Try it -> Could you reproduce, from the records below, everything from the line with "Due orecchini veneziani" down to the line with "자동차를 선택할 때, 특히", keeping both of those lines and changing nothing?

Material shown ->
- - - -

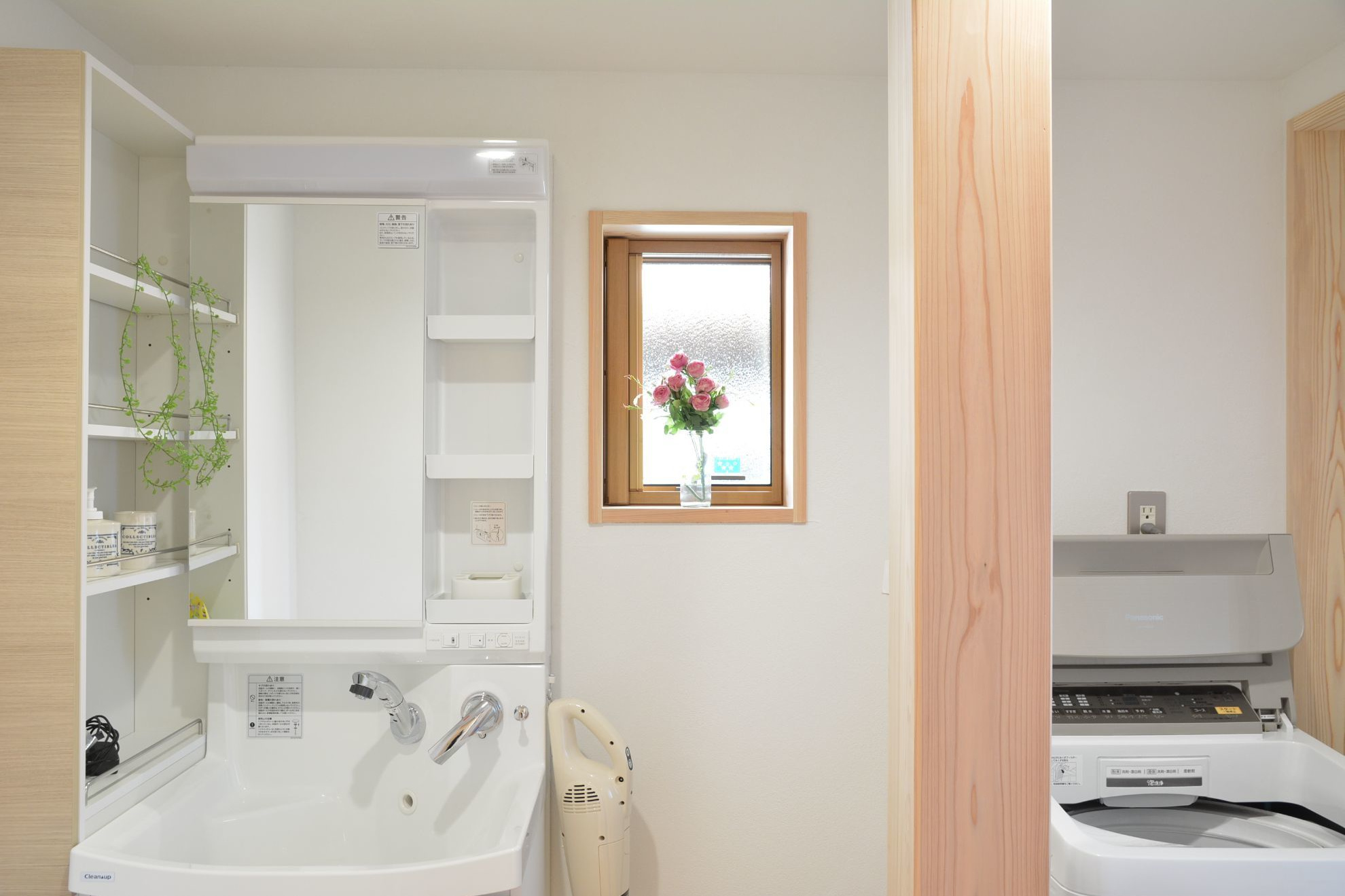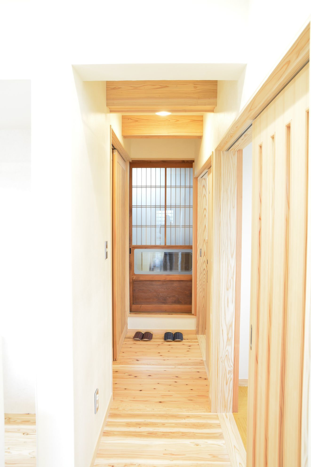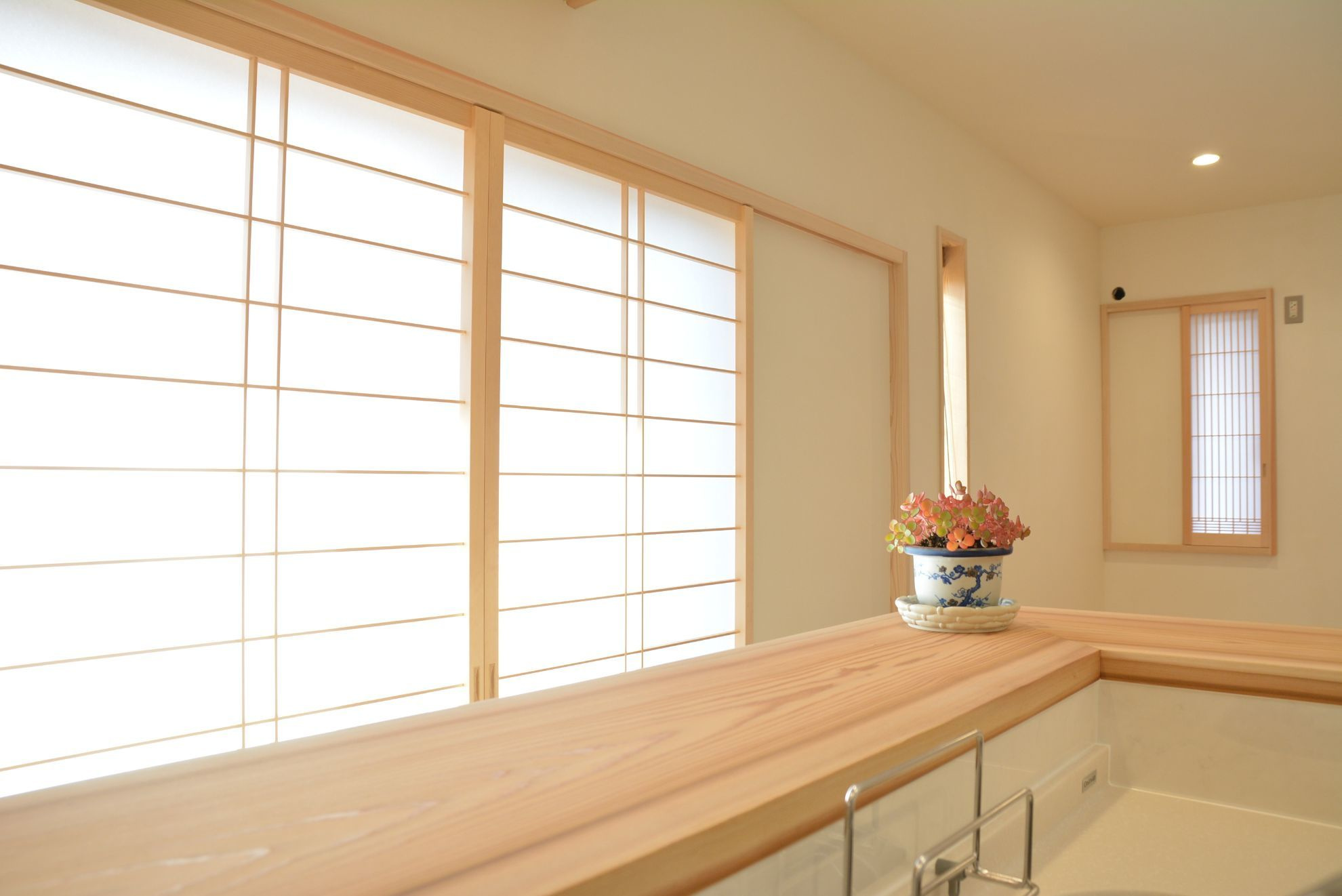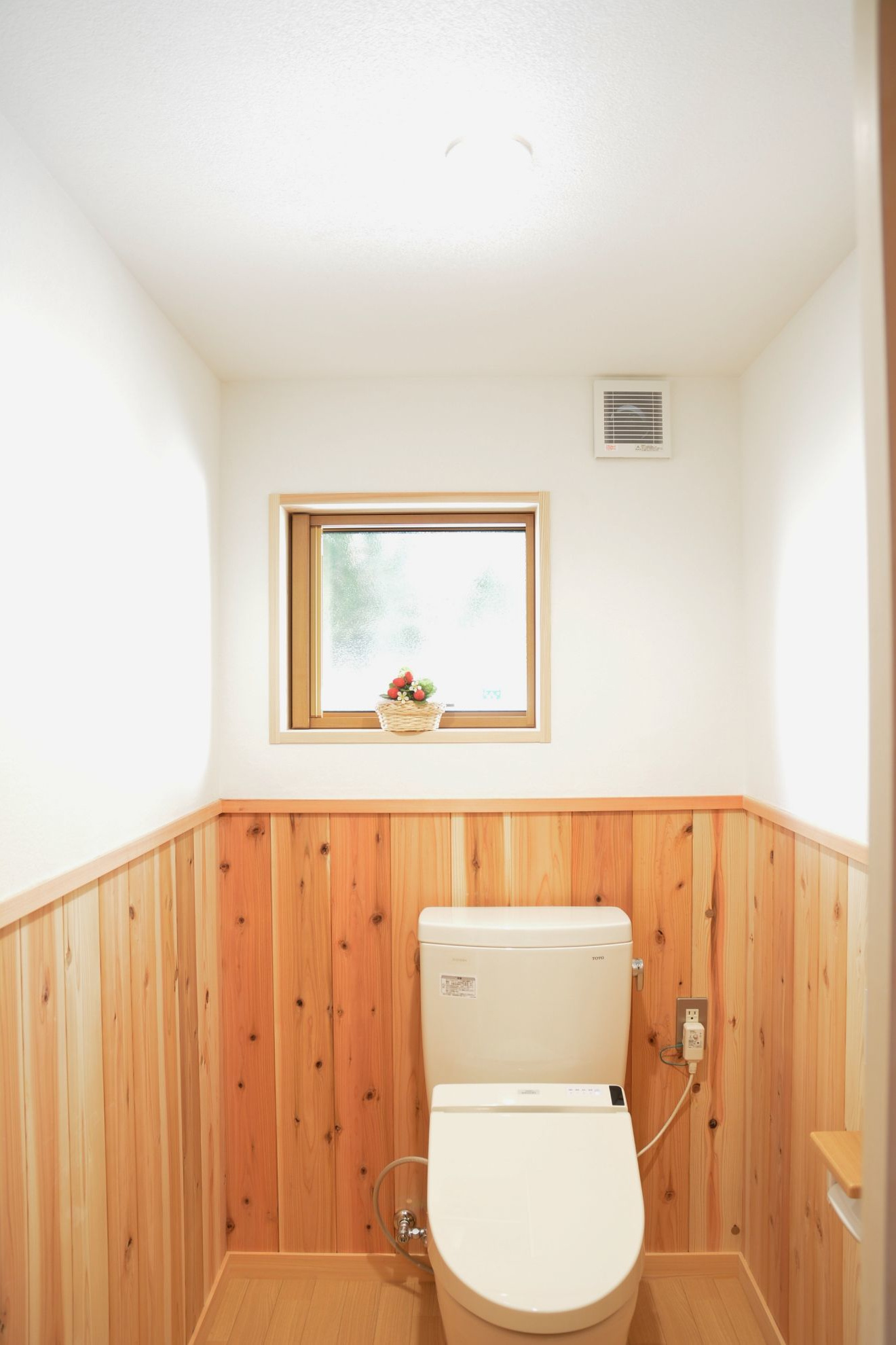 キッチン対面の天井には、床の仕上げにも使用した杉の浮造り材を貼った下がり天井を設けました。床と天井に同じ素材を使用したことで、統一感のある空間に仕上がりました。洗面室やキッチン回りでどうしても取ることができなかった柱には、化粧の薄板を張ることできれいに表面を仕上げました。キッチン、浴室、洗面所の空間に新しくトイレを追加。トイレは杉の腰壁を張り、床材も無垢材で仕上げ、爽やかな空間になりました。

- - - -

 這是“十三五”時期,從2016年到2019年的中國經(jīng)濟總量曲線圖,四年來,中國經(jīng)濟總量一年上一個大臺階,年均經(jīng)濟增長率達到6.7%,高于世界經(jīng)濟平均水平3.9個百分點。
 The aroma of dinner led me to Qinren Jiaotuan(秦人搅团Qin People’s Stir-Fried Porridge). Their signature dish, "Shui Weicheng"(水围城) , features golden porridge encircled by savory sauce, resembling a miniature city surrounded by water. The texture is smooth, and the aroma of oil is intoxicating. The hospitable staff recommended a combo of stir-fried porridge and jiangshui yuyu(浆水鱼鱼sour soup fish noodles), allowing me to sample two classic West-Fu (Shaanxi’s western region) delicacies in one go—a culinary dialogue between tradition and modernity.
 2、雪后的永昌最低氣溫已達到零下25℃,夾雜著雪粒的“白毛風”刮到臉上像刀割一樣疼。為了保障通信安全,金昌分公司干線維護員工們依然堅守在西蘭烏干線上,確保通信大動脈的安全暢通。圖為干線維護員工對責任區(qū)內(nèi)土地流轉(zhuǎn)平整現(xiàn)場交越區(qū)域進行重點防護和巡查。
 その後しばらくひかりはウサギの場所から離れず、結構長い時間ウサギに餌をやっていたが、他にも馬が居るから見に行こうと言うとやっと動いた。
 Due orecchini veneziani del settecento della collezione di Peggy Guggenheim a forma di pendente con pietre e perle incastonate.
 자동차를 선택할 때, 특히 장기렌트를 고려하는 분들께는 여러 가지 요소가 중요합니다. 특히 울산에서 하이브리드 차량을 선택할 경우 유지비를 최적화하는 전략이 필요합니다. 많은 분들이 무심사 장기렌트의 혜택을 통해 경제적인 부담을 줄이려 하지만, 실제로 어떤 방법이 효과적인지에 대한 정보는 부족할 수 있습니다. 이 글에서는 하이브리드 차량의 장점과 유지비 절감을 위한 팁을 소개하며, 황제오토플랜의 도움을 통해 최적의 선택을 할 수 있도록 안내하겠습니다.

- - - -

Exercise output ->
 Due orecchini veneziani del settecento della collezione di Peggy Guggenheim a forma di pendente con pietre e perle incastonate.
 자동차를 선택할 때, 특히 장기렌트를 고려하는 분들께는 여러 가지 요소가 중요합니다. 특히 울산에서 하이브리드 차량을 선택할 경우 유지비를 최적화하는 전략이 필요합니다. 많은 분들이 무심사 장기렌트의 혜택을 통해 경제적인 부담을 줄이려 하지만, 실제로 어떤 방법이 효과적인지에 대한 정보는 부족할 수 있습니다. 이 글에서는 하이브리드 차량의 장점과 유지비 절감을 위한 팁을 소개하며, 황제오토플랜의 도움을 통해 최적의 선택을 할 수 있도록 안내하겠습니다.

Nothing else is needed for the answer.